O'Neill found his grove in London, and after a short stint in Europe, followed by a return trip to Ireland for a course, he finally made it his business to pursue his dream of becoming a fashion designer in Paris.
“I had been working in Dublin for Ib Jorgensen, the man who made me fall in love with fashion as a child, and he told me I should be in Paris or Milan, so I took his advice and left for Milan shortly after,” said O’Neill.
“I tried to get a job with Valentino but I couldn’t get past the door, so when that failed I tried my hand at modeling. I had modeled in Ireland in the past, so I thought I’d get a job doing that at least.”
When Milan wasn’t churning out the jobs he decided to head for the French capital.
“I arrived in Paris with no money. I was broke. I stayed in a youth hostel and called Mom and Dad to send me some money.”
Things went from bad to worse. “I had to take a job in McDonald’s to pay the bills,” he admitted.
Ironically O’Neill, who once represented Ireland at the Culinary Olympics, had “no idea how to make a hamburger, can you believe that!”
O’Neill lasted two weeks at the fast food chain, and within a few months was on the road he set out to take in the first place.
“Through working in an American restaurant I met someone who got me a job for Christian Lacroix,” said O’Neill, referring to the famous French couture designer.
And so began his path in the fashion industry.
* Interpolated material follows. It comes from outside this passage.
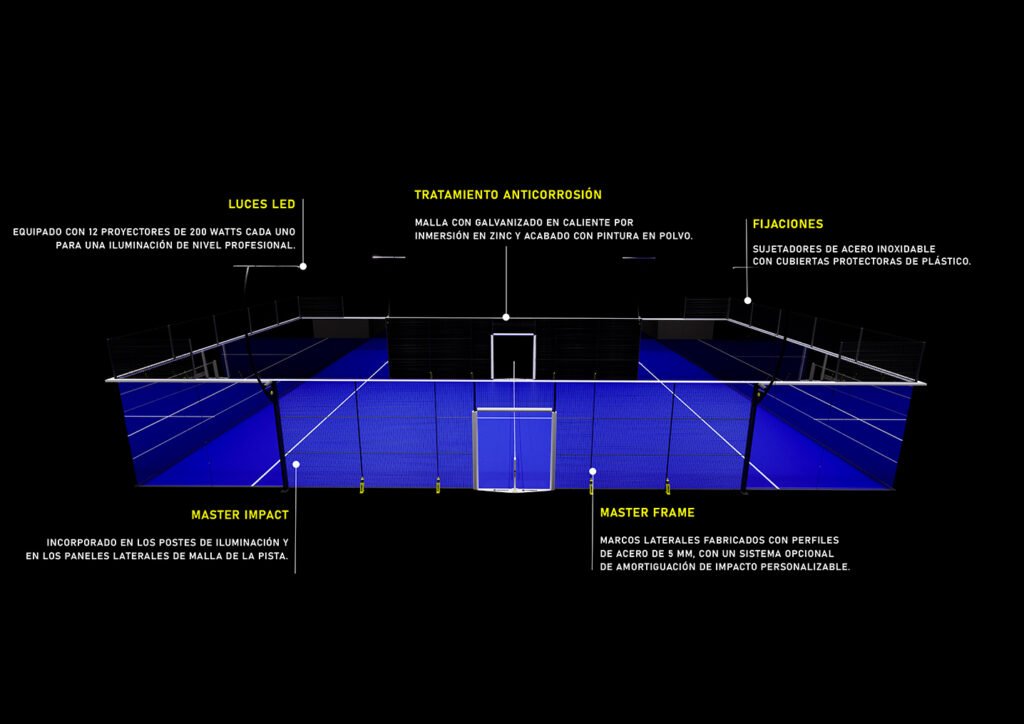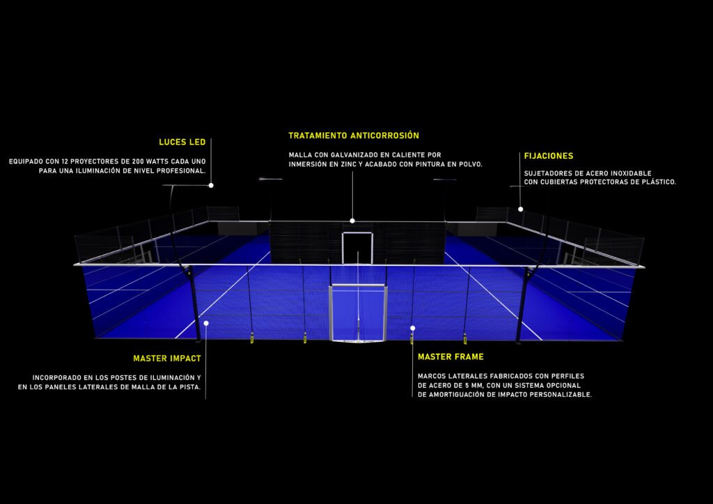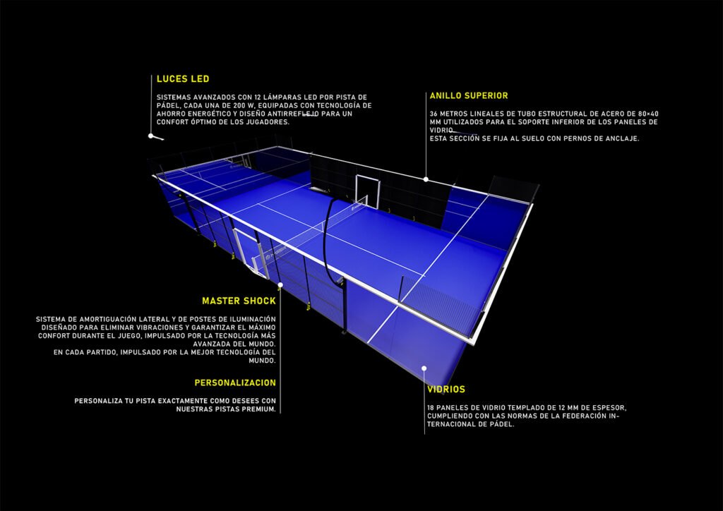 Pista panorámica con presentación impresionante y diseñada para eventos de alta competición y clubes con las más altas prestaciones.
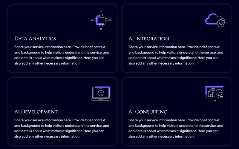 One of the standout aspects of the Wix AI website template is its comprehensive service presentation. It comes pre-configured with sections tailored to AI-related offerings, including Data Analytics, AI Integration, AI Development, Machine Learning, Natural Language Processing, AI Consulting, Prompt Engineering, and Workflow Automation.

Considering the possibility of trying his hand at fashion in New York, O’Neill applied for a Morrison visa and was successful.
He moved to the Big Apple in 1993 and was quick to make a name for himself. His French partner, Pascal, followed him over, and today the couple reside in Bay Ridge, Brooklyn.
After successful stints with the designer Carmen Marc Valvo and the A-list label Badgley Mischka, O’Neill is now the creative director for Theia.
When O’Neill met the Irish Voice he was busy with his team at Theia preparing the fall 2011 collection for preview. A buyer from Saks Fifth Avenue was viewing pieces from the collections.
When the appointment came to a close the Irish Voice was given a private tour of the racks of Celtic inspired dresses soon to be worn by all New York fashionistas.
Speaking about the inspiration behind his fall 2011 collection, O’Neill said he was motivated by the Book of Kells, an illuminated manuscript of the four gospels, created by Celtic monks in 800 AD.
“After seeing The Secret of Kells (an animated feature film nominated for an Oscar last year) I fell it love with it. It brought me immediately back to my passion for the Book of Kells when I was initially studying fashion,” explains the designer.
O’Neill’s upcoming fall collection includes classically cut dresses that incorporate the decorative swirls, Celtic knots and interlacing patterns that adorn the parchment pages of Ireland’s finest national treasure.
“I wanted to incorporate my Irish roots. We have an amazing heritage and I’m proud of that, and I want to share that with people,” said O’Neill.
Each of O’Neill’s creations have their own tales. A signature cocktail dress tells the story of Newgrange (a prehistoric monument located in Co. Meath). The dress has subtle spirals mimicking the spirals etched into the stone.
“When people hear the story of Newgrange and how old it is they are amazed,” he said.
“No one has explored our heritage in the world of fashion, so now is my time.”
O’Neill gets home twice a year. His parents run O’Neill’s bed and breakfast, which overlooks the Atlantic Ocean in Ballyheigue. (www.bedandbreakfastkerry.com)
“I love going back every year. The place is always the way I remember it,” he said.
O’Neill has become a mini-celebrity in his village. The local school was recently conducting a talk on entrepreneurs, and O’Neill’s success in the fashion world was highlighted.
“Apparently there was a picture of Bill Gates and ME on the wall,” he laughed.
Although Bening didn’t wear O’Neill’s evening gown for her Oscar appearance, he knows that achieving his ultimate goal of growing his brand is within reach.
“For now my focus will be to have my own runway show at Fashion Week in New York this year,” he said.
“It’s all go but I’m thoroughly enjoying it.”